Sorry. Purgatory is not a second chance. It is the place where we are purified of our residual attachment to anything that is not fit to enter the Heavenly City (which nothing unclean shall enter – Rev. 21:27). Think of it more as the antechamber to Heaven.
 
Let’s do the Catholic thing and read in context, beginning with Hebrews 5,12:
12 Although you should be teachers by this time, you need to have someone teach you again the basic elements of the utterances of God.

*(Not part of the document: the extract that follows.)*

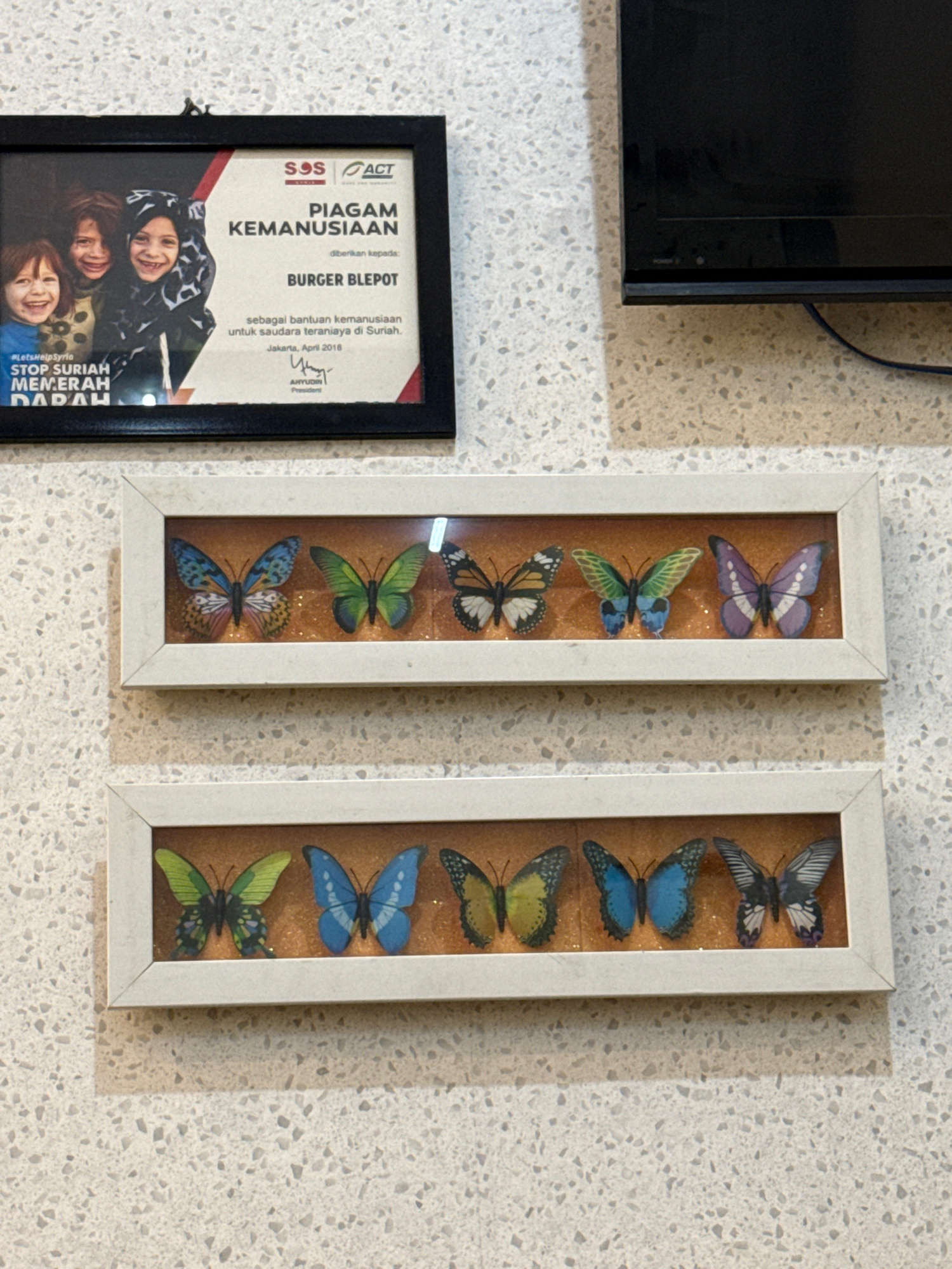 A close-up indoor shot shows a section of a speckled wall with a dark flat-screen television mounted on the left. To the right of the TV, a black-framed certificate with text in Indonesian, "PIAGAM KE…read more

You need milk, (and) not solid food. 13 Everyone who lives on milk lacks experience of the word of righteousness, for he is a child. 14 But solid food is for the mature, for those whose faculties are trained by practice to discern good and evil.
Chapter 6:
Therefore, let us leave behind the basic teaching about Christ and advance to maturity, without laying the foundation all over again: repentance from dead works and faith in God, 2 instruction about baptisms 1 and laying on of hands, resurrection of the dead and eternal judgment. 3 And we shall do this, if only God permits. 4 For it is impossible in the case of those who have once been enlightened and tasted the heavenly gift 2 and shared in the holy Spirit 5 and tasted the good word of God and the powers of the age to come, 3 6 and then have fallen away, to bring them to repentance again, since they are recrucifying the Son of God for themselves 4 and holding him up to contempt. 7 Ground that has absorbed the rain falling upon it repeatedly and brings forth crops useful to those for whom it is cultivated receives a blessing from God. 8 But if it produces thorns and thistles, it is rejected; it will soon be cursed and finally burned. 9 But we are sure in your regard, beloved, of better things related to salvation, even though we speak in this way. 10 For God is not unjust so as to overlook your work and the love you have demonstrated for his name by having served and continuing to serve the holy ones. 11 We earnestly desire each of you to demonstrate the same eagerness for the fulfillment of hope until the end, 12 so that you may not become sluggish, but imitators of those who, through faith and patience, are inheriting the promises.
What we see clearly is an exhortation to the reader to advance in the Faith and in learning. The inspired writer’s intent is not to set out grounds for eternal damnation.

When read in context, “proof texts” usually turn out to mean something other than the narrow interpretation placed on them to make a particular point.